The White Desert
We packed and left the Badiwiya after breakfast and walked
over to the Waha. There we met Amei, a German lady in
her early 60s who had been teaching in Namibia for the past
seven years and has travelled from South Africa through Malawi,
Mozambique, Tanzania, Kenya, Ethiopia and the Sudan on
her own in a Toyota Landcruiser of indeterminate vintage. She will
be joining our tour of the White Desert, scheduled to leave
Farafra at 1pm today.
After Friday prayers, the 4WD was loaded up and we set off in convoy,
with Achmed the school teacher driving us and Hamdi with
Amei in her car. Driving about 45km out of Farafra,
we found that the "White Desert" is actually only
about 100 metres off the main road. From there, we drove to the "New
White Desert" about 1km off the main road and just an extension
of the original White Desert.
was very spectacular with weird limestone rocks carved by the wind.
Limestone formations lying on the ground looked like the royal icing
one finds on wedding cakes. Unlike the Pinnacles, just north
of Perth in Western Australia, which were formed when
sand was washed away from around limestone deposits, this limestone
seems to lie on the top of the sand.
Various large sculptures have been given names, such as the Mushroom
(top right), the White House, Horse and Flower Rocks.
The landscape looked particularly lunar today as the remnants of the
storm kept sand particles suspended in the air, giving an unwordly
look to the area.
THIS CHEAP TIP
If you can't
afford the price of a night's safari in the desert tour, might I
suggest that you organise a "special" taxi between Bahariya
and Farafra for your group (up to 7 people). You can stop
at the White Desert and the Black Desert along the
highway during the trip and just walk in - the famous "Mushroom
Rock" is only half a kilometre off the main road.
A "special taxi" such as this might cost around EP140
(A$31.10) but between 7 of you, that's only EP20 (A$4.45)
Whilst the others
explored the Mushroom Rock, Amei, Hamdi and I took
off in her Landcruiser too see the Horse. We got a little
bogged in the fine sand and had to let the tyres down before we
could drive back.
I was so impressed by Amei. How courageous to undertake such
a trip alone! Her husband, who is older, remains in Germany.
Her car was broken into in Malawi, she had a bout of typhoid
in Ethiopia and has had a lot of trouble with her "carnet"
since coming to Egypt but still she continues, planning to
go on through Sinai to Jordan, Syria, Turkey and Greece.

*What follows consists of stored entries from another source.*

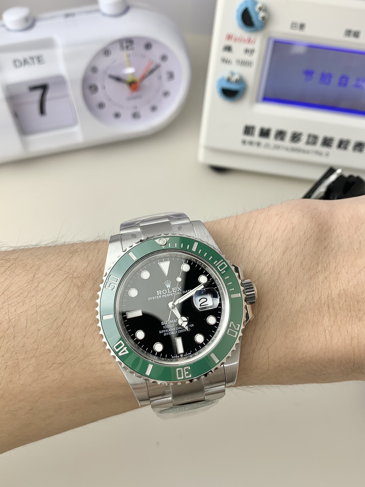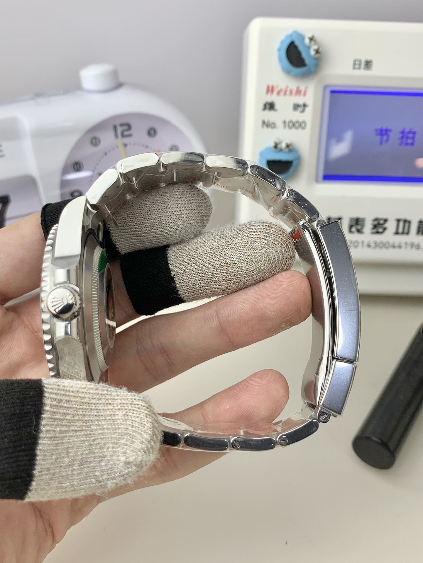 Clean工場が送り出す、現行41mmケースを採用したロレックス サブマリーナー デイト 126610LV(グリーンベゼル)。本モデルは、Clean独自の改良を加えたクローンCal.3235一体型ムーブメントを搭載し、安定性と完成度の両立を重視した仕様となっています。ケース、文字盤、ベゼル、夜光表現に至るまで、41mmサブマリーナーで指摘されやすかった弱点を一つずつ調整。特に日付フォント、夜光の発色バランス、セラミックベゼルの色味においては、実機を基準に細かな検証が行われています。派手さよりも完成度を重視した、Cleanらしい仕上がりの一本です。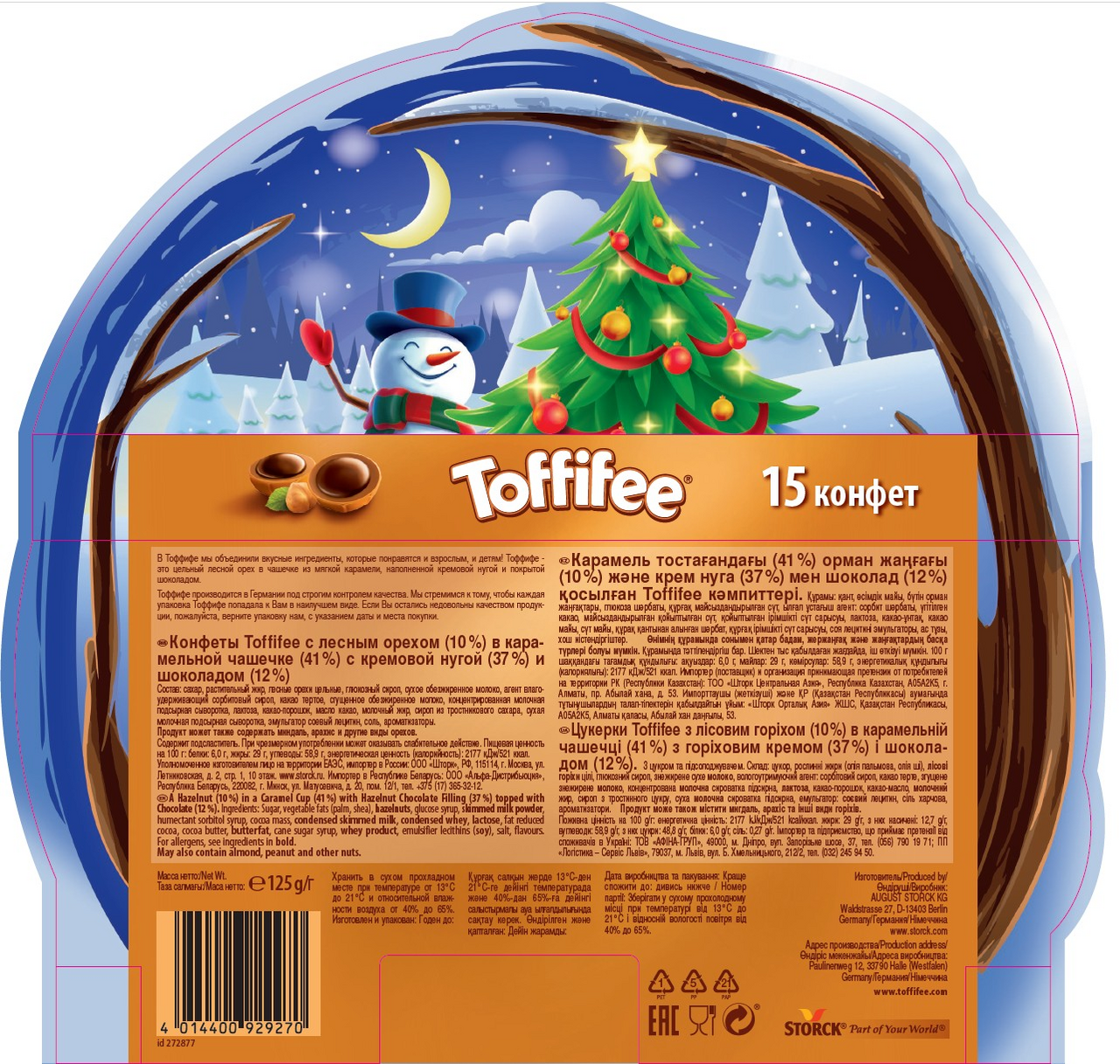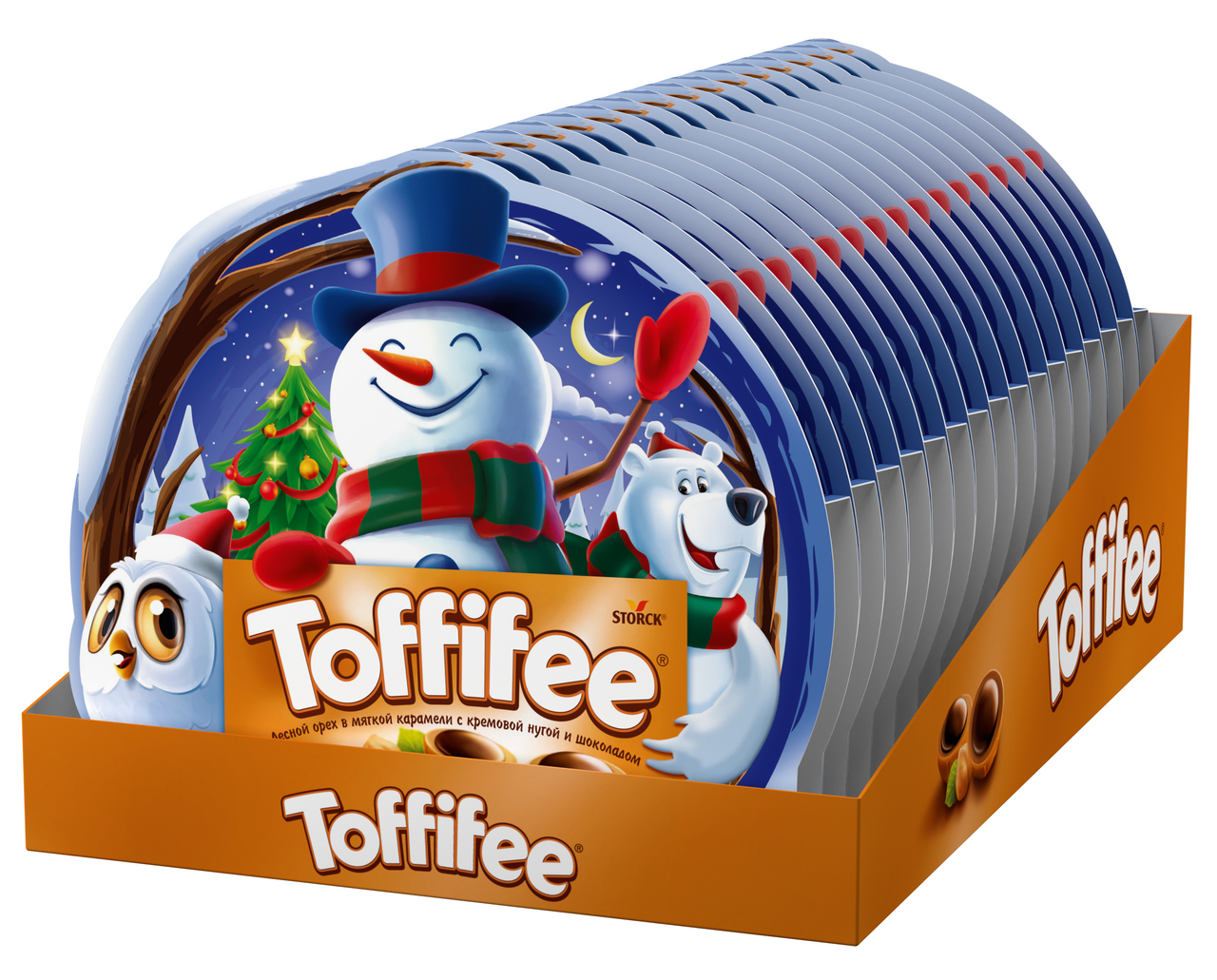 Конфеты Toffifee – цельный лесной орех в чашечке из мягкой карамели, наполненной кремовой нугой и покрытой шоколадом. Используются ингредиенты высочайшего качества. Toffifee - немецкий бренд карамельных конфет , принадлежащий берлинской немецкой компании August Storck KG. Toffifee - это карамельные чашки, содержащие нугу , карамель и лесной орех , увенчанные шоколадной кнопкой. Они продаются в коробках по 4, 12, 15, 24, 30, 48 и 96 штук. Впервые продаваемые в Западной Германии и Австрии в 1973 году, Toffifee продавались как продукт для всей семьи. К 2016 году Toffifee продавался более чем в 100 странах. В США Toffifee продается с альтернативным написанием Toffifay и альтернативным дизайном упаковки. В других странах мира, в том числе в Канаде и Европе , бренд сохраняет свое первоначальное написание и дизайн оранжевой коробки.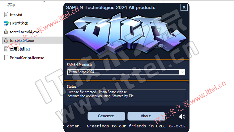 3、打开ittel文件夹,运行tercel,产品选择PrimalScript 2024,点击generate生成许可文件PrimalScript.license
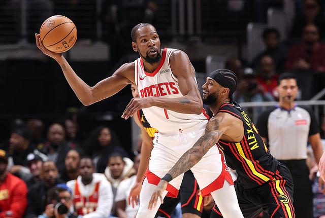 北京时间1月30日,NBA常规赛,休斯敦火箭在客场以104比86击败亚特兰大老鹰。赛后,火箭球星凯文·杜兰特接受了媒体采访。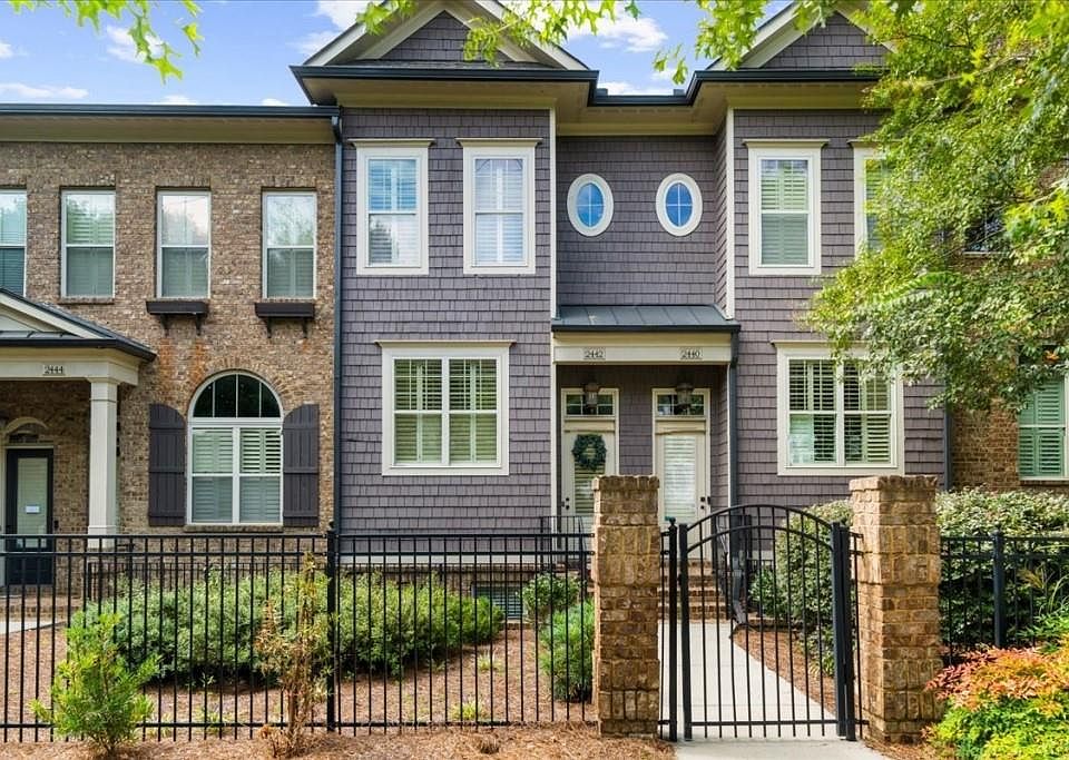 Beautiful Gated Townhome in the Heart of Chamblee Welcome to 2442 Gatebury Circle, a stylish and well-maintained townhome located in the highly sought-after gated community of Turnbury. Perfectly positioned just steps from restaurants, shops, coffee spots, and only minutes to Lowe's and major interstates, this home offers convenience at every turn. Inside, hardwood floors flow throughout an open-concept main level. The kitchen boasts granite countertops, abundant cabinetry, stainless steel appliances, a spacious island with beadboard detailing, and elegant finishes. A sunlit dining room sets the stage for entertaining or intimate meals, while the fireside family room provides a warm, inviting retreat. Step outside to a covered porch, ideal for morning coffee, evening gatherings, or weekend grilling. Upstairs, hardwood floors continue throughout, the expansive owner's suite features a spa-like bath with double vanities, a garden tub, a separate shower with a new glass door, and a generous walk-in closet. A spacious guest suite with a private en-suite bath provides comfort and privacy. Thoughtful touches like thick crown molding, shiplap in the half bath, and a statement wall in the upstairs bedroom add charm and designer flair. The lower level offers a flexible bedroom suite with a Murphy bed, brand-new carpet, and its own full bath, perfect for a home office, gym, or guest accommodations. With its unbeatable location and quality craftsmanship, this townhome is a rare find in one of Chamblee's most desirable communities. Don't miss the opportunity to make it yours!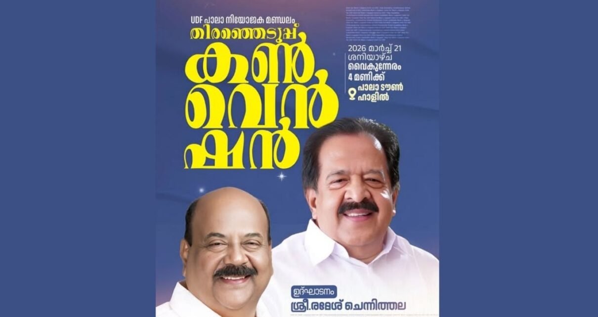 പാലാ: ഐക്യ ജനാധിപത്യമുന്നണി സ്ഥാനാർത്ഥി മാണി സി. കാപ്പന്റെ തെരഞ്ഞെടുപ്പ് കൺവൻഷൻ നാളെ (ശനി) ടൗൺഹാളിൽ നടക്കും. ഉച്ചകഴിഞ്ഞ് 4 മണിക്ക് നടക്കുന്ന യോഗം മുൻ പ്രതിപക്ഷ നേതാവ് രമേശ് ചെന്നിത്തല ഉദ്ഘാടനം ചെയ്യും. നിയോജക മണ്ഡലം ചെയർമാൻ െപ്രാഫ.സതീശ് ചെള്ളാനി അദ്ധ്യക്ഷത വഹിക്കും.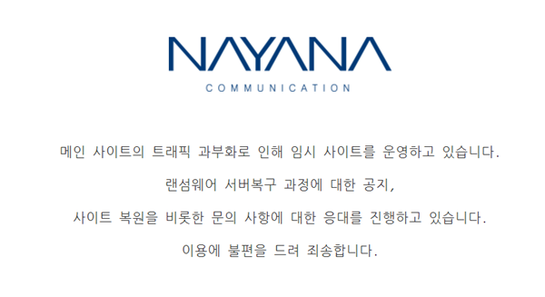 인터넷나야나는 16일 자사의 홈페이지에“ 피해 서버 153대 가운데 1차로 50대를 복구 중”이라고 공지했다.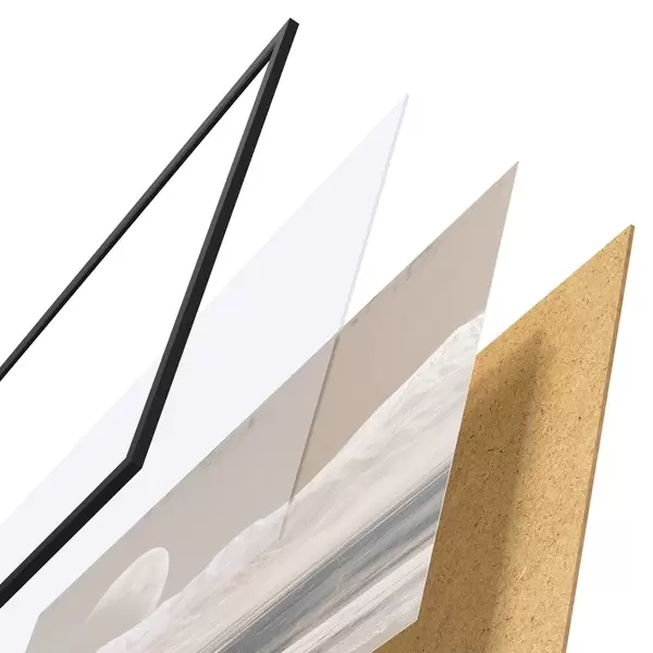 Plakāts sastāv no rāmja, pleksstikla, iespiestā attēla un skaidu plātnes pamatnes. Plakātu var uzreiz piekarināt pie sienas, pateicoties aizmugurē esošajiem stiprinājumiem.

Incidentally, a "carnet" is the certificate to
licence a vehicle to travel through a country in Africa.
You must have one before bringing a vehicle into the country.
Returning to the others, we discovered that Guy had found a
wonderful campsite for the night sandwiched between three huge limestone
Hamdi, Achmed and Guy built a fireplace of limestone
boulders and started a fire with the wood which they had brought in
Amei again proved her worth by producing a cold gin and tonic
for Jay, Guy and myself whilst we listened to her adventures.
that she had headed a project in Kenya for 2-3 months, I mentioned
my childhood in Kenya. What a conincidence! She was based in
Kakamega, only eight miles from my old home in Sigalagala.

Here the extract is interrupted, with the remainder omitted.